Problem requirements: Print the data exactly as written, line for line, and leave its pictures behind.
::::
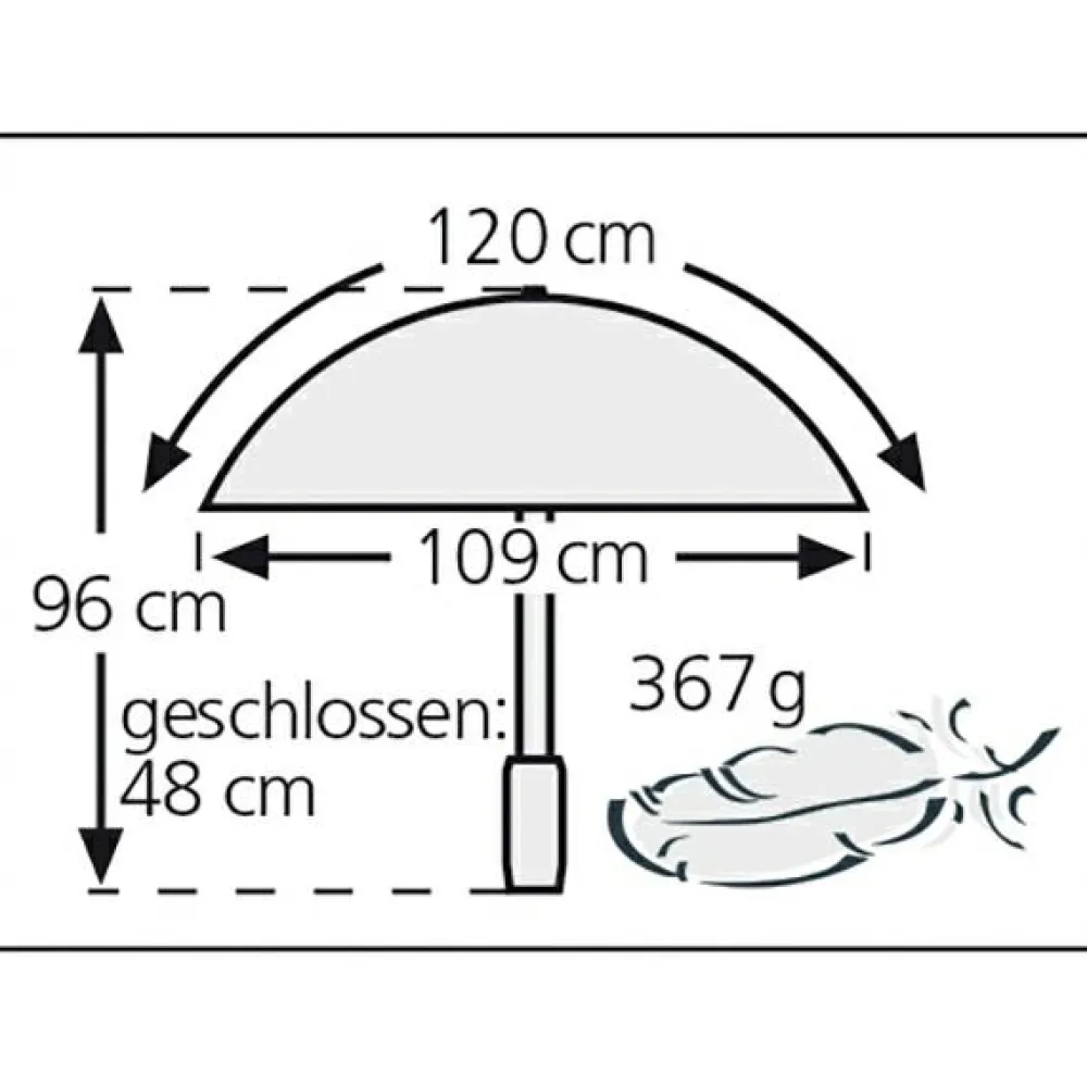 - Länge: 96 cm; Durchmesser geöffnet: 109 cm
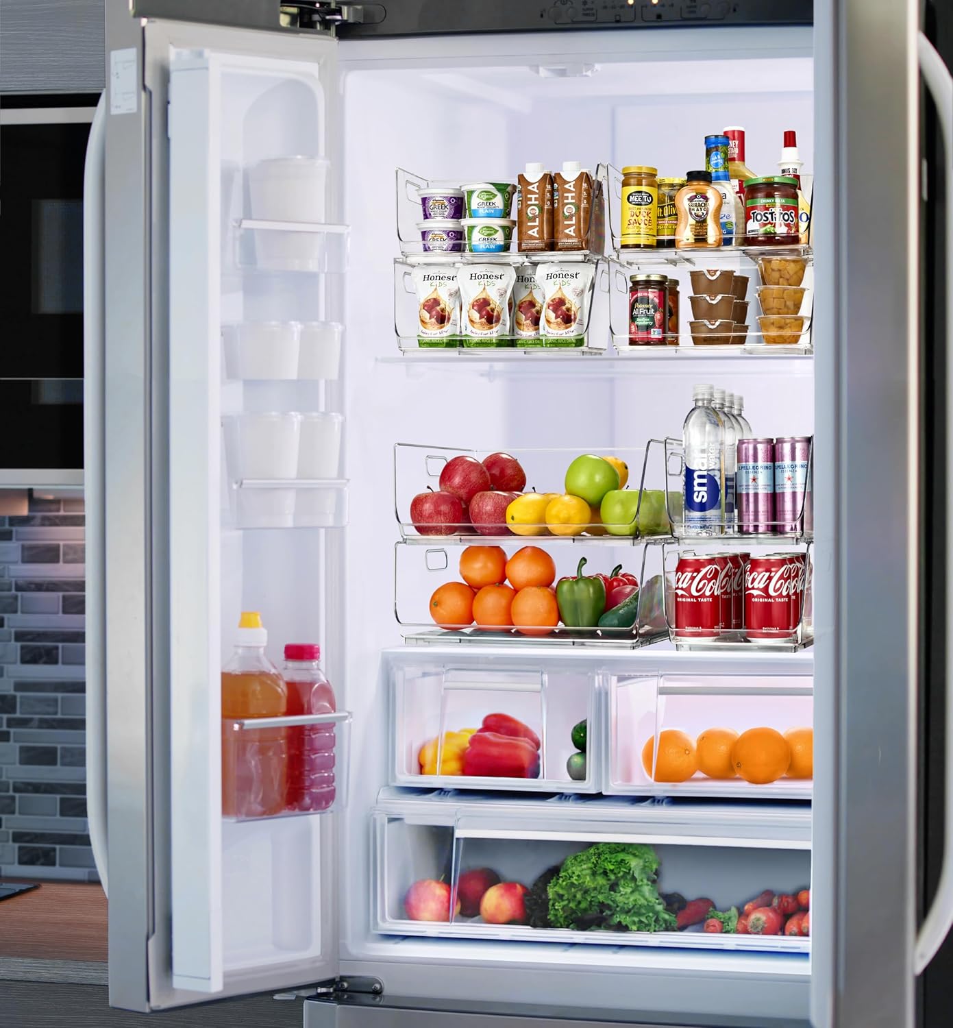 • Open Front Design: Open style front provides easy grab n’ go access - Sorbus Stackable Clear Storage Bins save time and hassle of searching through a cluttered refrigerator, freezer, or pantry cabinet - Use as pantry stackable bins, clear plastic stackable storage bins for under the sink, open stack bins, and more
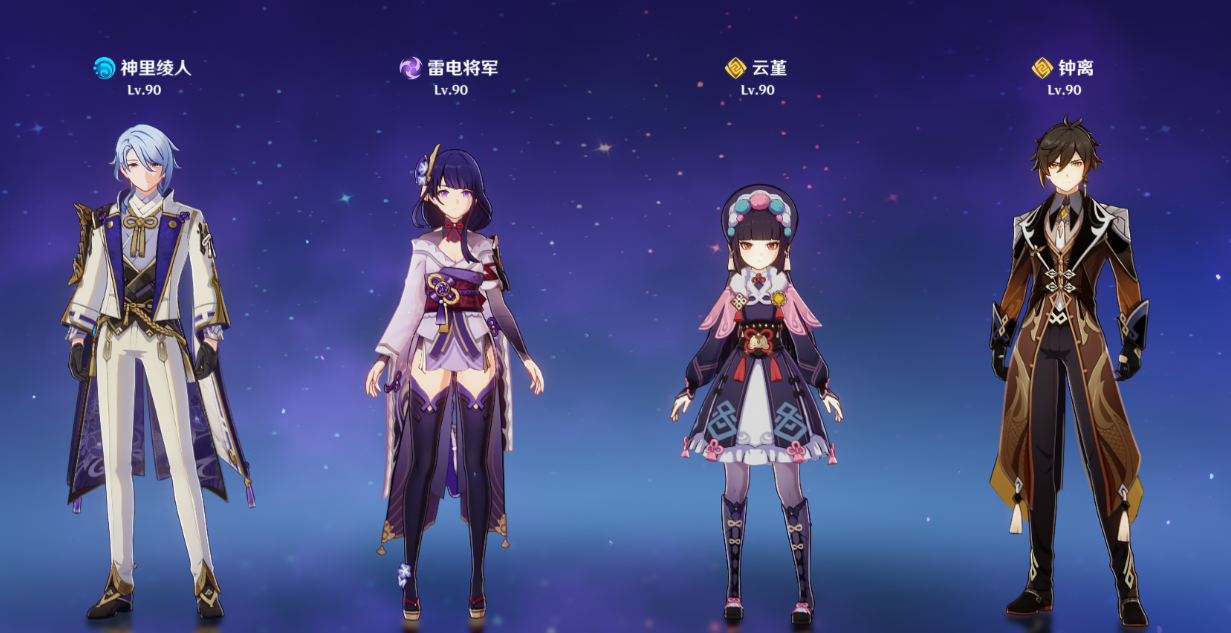 武器:雉草之稻光,天空之脊,渔获,西风长枪,喜多院十文字。
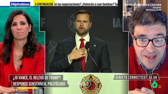 El politólogo Roger Senserrich ha explicado en El Objetivo desde Connecticut (EEUU) cómo es el cargo de vicepresidente en Estados Unidos y las posibilidades del actual, JD Vance, de llegar a la Presidencia del país, para lo que ha señalado que "la vicepresidencia es un cargo un poco envenenado".
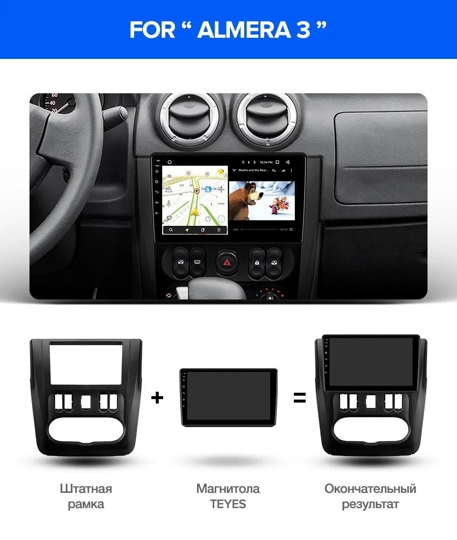 Полный комплект установки магнитолы Teyes с рамкой и проводкой можно выбрать в каталоге штатных магнитол Nissan Almera 3 G15 (2012-2018).
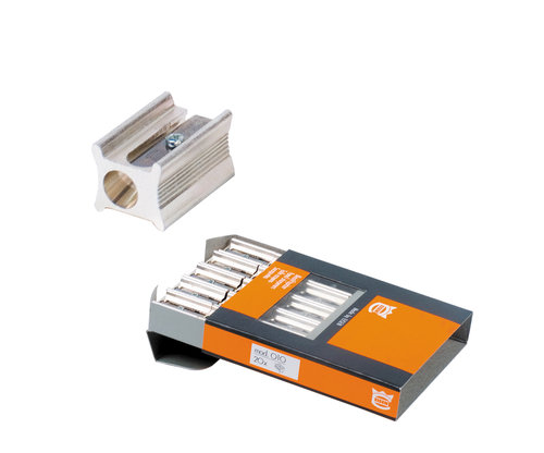 Metalowa temperówka Eisen 070MC w kształcie klina, przeciwpoślizgowa powierzchnia, niemieckie wysoko gatunkowe ostrza firmy EISEN. 20 sztuk w pudełku.
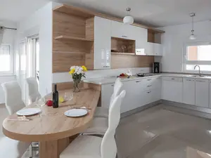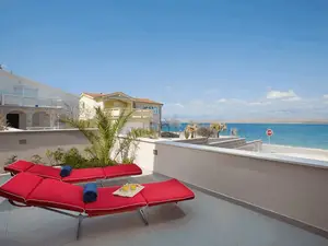 Nur 20 m vom nächsten Badestrand entfernt befindet sich diese schöne und modern eingereichte FeWo für 4-6 Personen im Ortsteil Bobovik auf der Insel Vir.Zum Apartment gehört auch eine 300 m² großer Innenhof, der Ihnen und allen Gästen des Hauses zur Verfügung steht. Im Hof gibt es auch einen Pavillon mit Esstisch, Sitzgelegenheit und Grilmöglichkeit. Die 100 m² große Wohnung in dem Erdgeschoß des Hauses teilt sich auf zwei Schlafzimmern, ein Badezimmer mit Dusche sowie einen Ess- & Wohnbereich mit Küche auf. Im Wohnraum befinden sich eine Schlafcouch für zwei Personen. Eine gut ausgestattete Küche, Klima, Sat-TV und Internetzugang per WLAN zählen zu den weiteren Ausstattungsmerkmalen. Die zum Apartment gehörende Terrasse mit Meerblick, die mit Tisch, Stühlen und Liegen ausgestattet ist lädt zum Entspannen ein und bietet Platz zum gemeinsamen Frühstücken und Essen. Einkaufsmöglichkeiten und Restaurants erreichen Sie innerhalb weniger Gehminuten. Ungefähr 20 m vom Haus entfernt erwarten Sie schon erwähnt schönes Kiesel Strand die ladet zum Sonnenbaden ein. Dieser Strand liegt auf eine 7 km lange Promenade entlang Küste mit einem herrlichen Sonnenuntergang. Ideal für entspannendes abends Spaziergänge oder mehr anspruchsvolle schnelles Gehen oder Laufen.
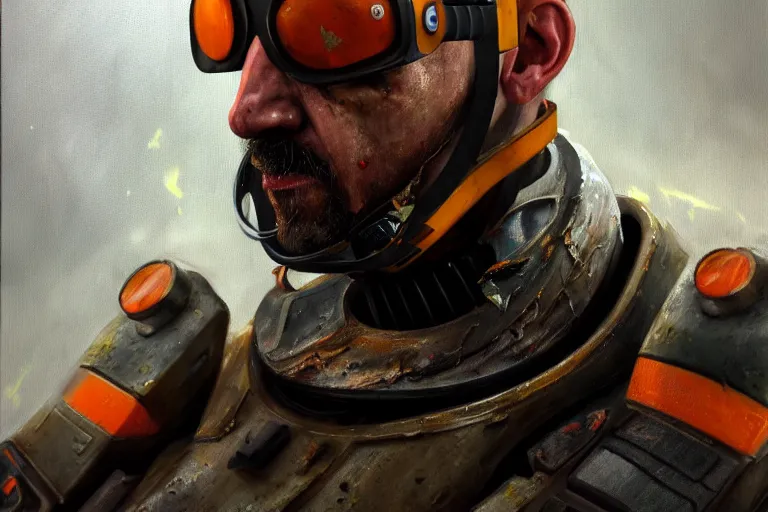 photorealistic oil painting of gordon freeman in a damaged, scratched and worn down hev suit, nig...Show more
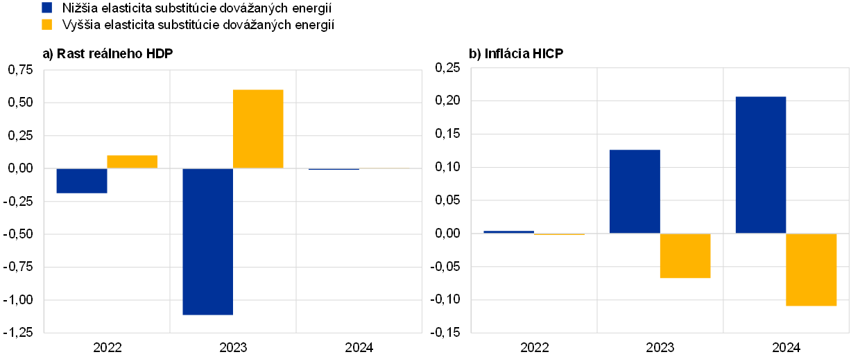 Elasticita substitúcie pri zisťovaní poklesu výroby v menej priaznivom scenári sa určuje pomocou metódy výrobnej funkcie opísanej v publikácii od Bachmann, R., Baqaee, D., Bayer, C., Kuhn, M., Löschel, A., Moll, B., Peichl, A., Pittel, K. a Schularick, M. (2022), What If? The Economic Effects for Germany of a Stop of Energy Imports from Russia, ECONtribute Policy Brief, č. 28/2022, ďalej rozvedenej v publikácii od Borin, A., Conteduca, P. O., Di Stefano, E., Mancini, M., Gunnella, V. a Panon, L. (2022, pripravuje sa). Táto elasticita súvisí s možnosťou nahradenia dovážanej energie domácimi energetickými zdrojmi alebo, všeobecnejšie, mierou, do akej sú hospodárske subjekty ochotné prerozdeliť svoje výdavky z dovozu energie na iné produkty. Na úrovni eurozóny sa predpokladá, že elasticita dosahuje približne 0,04. Na meranie citlivosti vývoja reálneho HDP a zodpovedajúcej reakcie inflácie na rôzne úrovne nahraditeľnosti sa elasticita zmenila o ±0,01, pričom vplyv tejto zmeny na makroekonomické premenné bol odvodený pomocou modelu ECB-BASE, za predpokladu rovnakého pomeru dopytových a ponukových šokov ako v menej priaznivom scenári. Viac informácií o modeli ECB-BASE sa nachádza v publikácii od Angelini, E., Bokan, N., Christoffel, K., Ciccarelli, M., Zimic, S., Introducing ECB-BASE: The blueprint of the new ECB semi-structural model for the euro area, Working Paper Series, č. 2315, ECB, 2019.
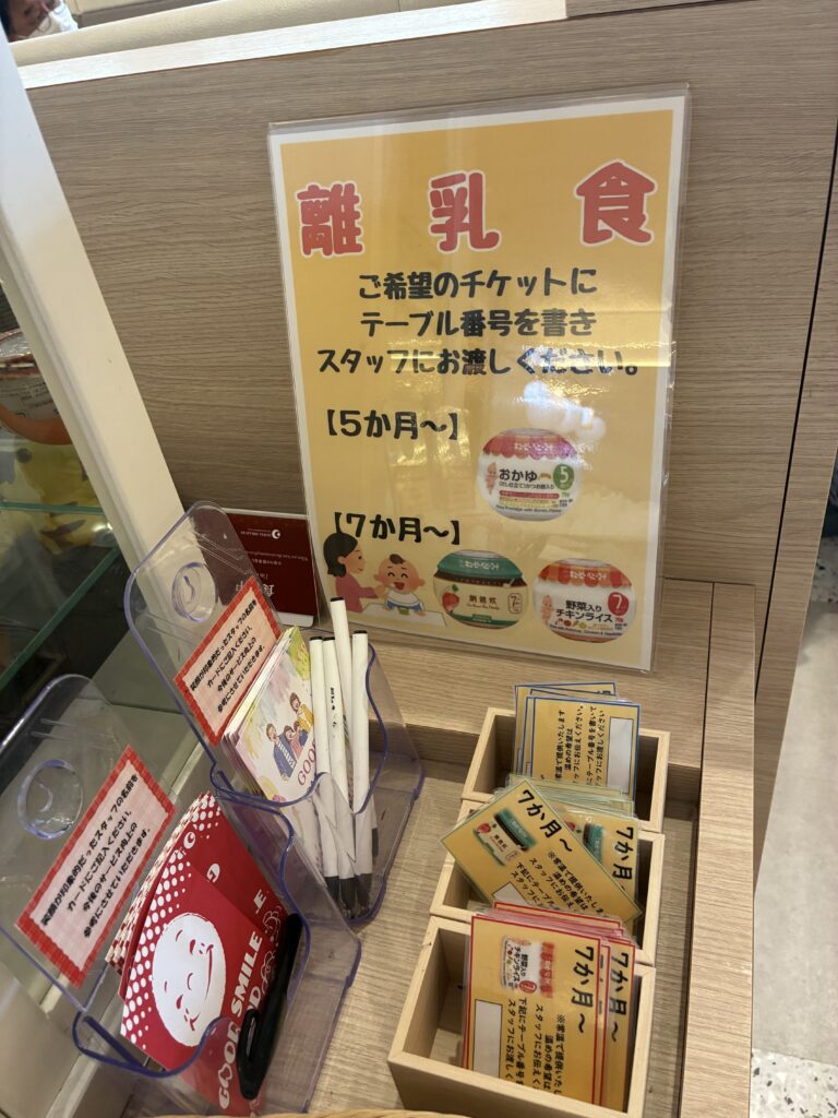 離乳食の時期のお子さんには、ビンタイプの離乳食の提供もありました。
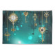 Gold, antike Schlüssel mit Gängen und Dials hängen an goldenen Ketten auf leuchtend grünem Hintergrund.
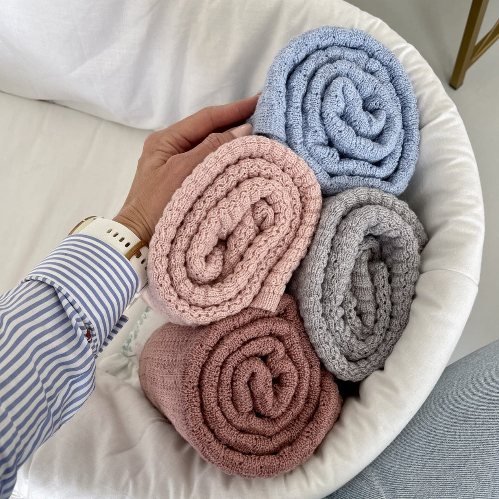 La manta de lana merino tiene un bonito tejido en forma de pequeñas alas de mariposa.
::::
Solution to this problem:
 - Länge: 96 cm; Durchmesser geöffnet: 109 cm
 • Open Front Design: Open style front provides easy grab n’ go access - Sorbus Stackable Clear Storage Bins save time and hassle of searching through a cluttered refrigerator, freezer, or pantry cabinet - Use as pantry stackable bins, clear plastic stackable storage bins for under the sink, open stack bins, and more
 武器:雉草之稻光,天空之脊,渔获,西风长枪,喜多院十文字。
 El politólogo Roger Senserrich ha explicado en El Objetivo desde Connecticut (EEUU) cómo es el cargo de vicepresidente en Estados Unidos y las posibilidades del actual, JD Vance, de llegar a la Presidencia del país, para lo que ha señalado que "la vicepresidencia es un cargo un poco envenenado".
 Полный комплект установки магнитолы Teyes с рамкой и проводкой можно выбрать в каталоге штатных магнитол Nissan Almera 3 G15 (2012-2018).
 Metalowa temperówka Eisen 070MC w kształcie klina, przeciwpoślizgowa powierzchnia, niemieckie wysoko gatunkowe ostrza firmy EISEN. 20 sztuk w pudełku.
 Nur 20 m vom nächsten Badestrand entfernt befindet sich diese schöne und modern eingereichte FeWo für 4-6 Personen im Ortsteil Bobovik auf der Insel Vir.Zum Apartment gehört auch eine 300 m² großer Innenhof, der Ihnen und allen Gästen des Hauses zur Verfügung steht. Im Hof gibt es auch einen Pavillon mit Esstisch, Sitzgelegenheit und Grilmöglichkeit. Die 100 m² große Wohnung in dem Erdgeschoß des Hauses teilt sich auf zwei Schlafzimmern, ein Badezimmer mit Dusche sowie einen Ess- & Wohnbereich mit Küche auf. Im Wohnraum befinden sich eine Schlafcouch für zwei Personen. Eine gut ausgestattete Küche, Klima, Sat-TV und Internetzugang per WLAN zählen zu den weiteren Ausstattungsmerkmalen. Die zum Apartment gehörende Terrasse mit Meerblick, die mit Tisch, Stühlen und Liegen ausgestattet ist lädt zum Entspannen ein und bietet Platz zum gemeinsamen Frühstücken und Essen. Einkaufsmöglichkeiten und Restaurants erreichen Sie innerhalb weniger Gehminuten. Ungefähr 20 m vom Haus entfernt erwarten Sie schon erwähnt schönes Kiesel Strand die ladet zum Sonnenbaden ein. Dieser Strand liegt auf eine 7 km lange Promenade entlang Küste mit einem herrlichen Sonnenuntergang. Ideal für entspannendes abends Spaziergänge oder mehr anspruchsvolle schnelles Gehen oder Laufen.
 photorealistic oil painting of gordon freeman in a damaged, scratched and worn down hev suit, nig...Show more
 Elasticita substitúcie pri zisťovaní poklesu výroby v menej priaznivom scenári sa určuje pomocou metódy výrobnej funkcie opísanej v publikácii od Bachmann, R., Baqaee, D., Bayer, C., Kuhn, M., Löschel, A., Moll, B., Peichl, A., Pittel, K. a Schularick, M. (2022), What If? The Economic Effects for Germany of a Stop of Energy Imports from Russia, ECONtribute Policy Brief, č. 28/2022, ďalej rozvedenej v publikácii od Borin, A., Conteduca, P. O., Di Stefano, E., Mancini, M., Gunnella, V. a Panon, L. (2022, pripravuje sa). Táto elasticita súvisí s možnosťou nahradenia dovážanej energie domácimi energetickými zdrojmi alebo, všeobecnejšie, mierou, do akej sú hospodárske subjekty ochotné prerozdeliť svoje výdavky z dovozu energie na iné produkty. Na úrovni eurozóny sa predpokladá, že elasticita dosahuje približne 0,04. Na meranie citlivosti vývoja reálneho HDP a zodpovedajúcej reakcie inflácie na rôzne úrovne nahraditeľnosti sa elasticita zmenila o ±0,01, pričom vplyv tejto zmeny na makroekonomické premenné bol odvodený pomocou modelu ECB-BASE, za predpokladu rovnakého pomeru dopytových a ponukových šokov ako v menej priaznivom scenári. Viac informácií o modeli ECB-BASE sa nachádza v publikácii od Angelini, E., Bokan, N., Christoffel, K., Ciccarelli, M., Zimic, S., Introducing ECB-BASE: The blueprint of the new ECB semi-structural model for the euro area, Working Paper Series, č. 2315, ECB, 2019.
 離乳食の時期のお子さんには、ビンタイプの離乳食の提供もありました。
 Gold, antike Schlüssel mit Gängen und Dials hängen an goldenen Ketten auf leuchtend grünem Hintergrund.
 La manta de lana merino tiene un bonito tejido en forma de pequeñas alas de mariposa.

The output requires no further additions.